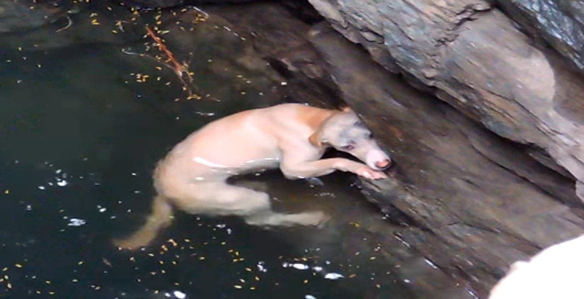 Una perrita logró ser rescatada luego de que cayera a un pozo y llevara horas nadando. Afortunadamente una persona la encontró y llamó a los servicios de emergencia para salvarla.
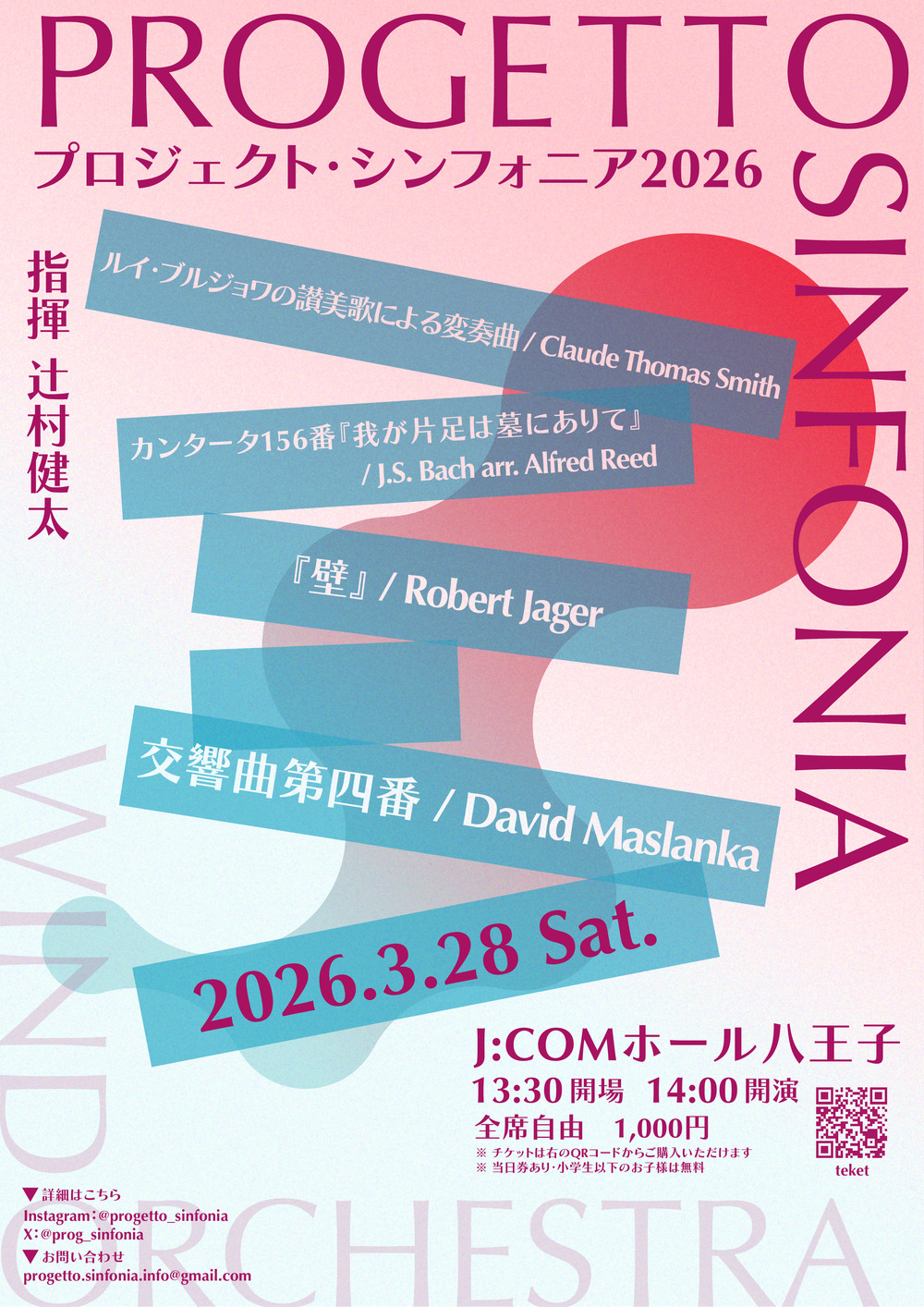 Proggeto Sinfoniaは、そういった優れた吹奏楽作品の紹介を通して、吹奏楽がローブロウな音楽であるという固定観念を、世間から少しずつ無くしていくことを目標としています。
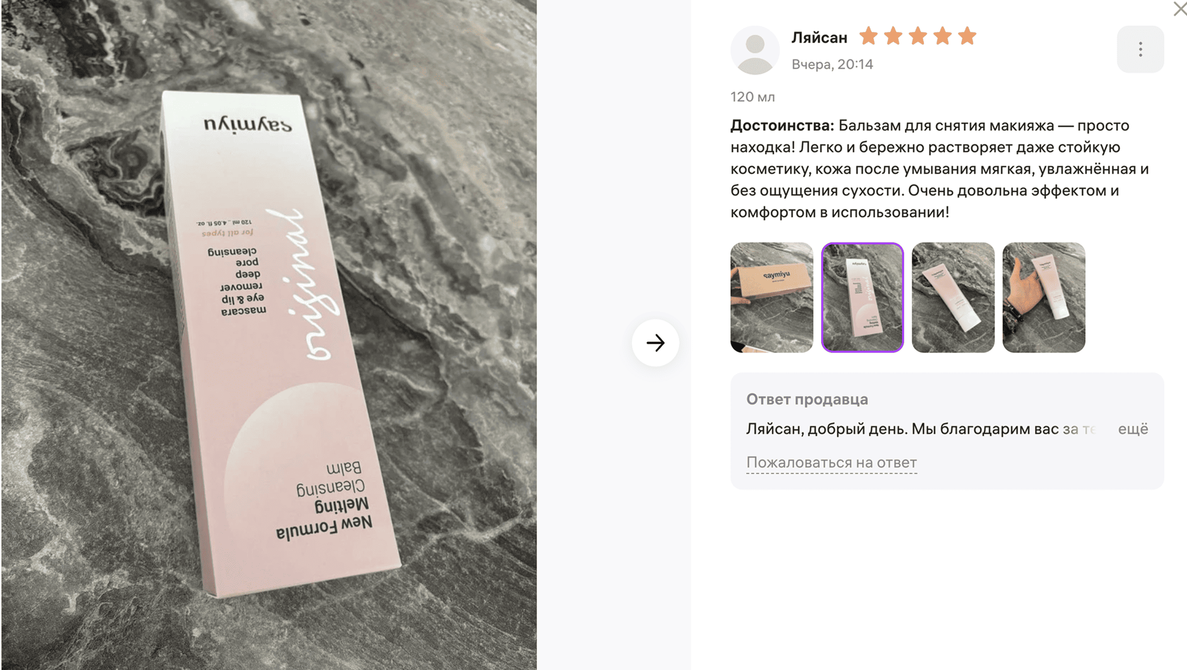 Ляйсан Достоинства:Бальзам для снятия макияжа — просто находка! Легко и бережно растворяет даже стойкую косметику, кожа после умывания мягкая, увлажнённая и без ощущения сухости. Очень довольна эффектом и комфортом в использовании!

● **ACTIVITY**
Drop every picture from the data, then output all the rest exactly.

● **RESPONSE AREA**
 Una perrita logró ser rescatada luego de que cayera a un pozo y llevara horas nadando. Afortunadamente una persona la encontró y llamó a los servicios de emergencia para salvarla.
 Proggeto Sinfoniaは、そういった優れた吹奏楽作品の紹介を通して、吹奏楽がローブロウな音楽であるという固定観念を、世間から少しずつ無くしていくことを目標としています。
 Ляйсан Достоинства:Бальзам для снятия макияжа — просто находка! Легко и бережно растворяет даже стойкую косметику, кожа после умывания мягкая, увлажнённая и без ощущения сухости. Очень довольна эффектом и комфортом в использовании!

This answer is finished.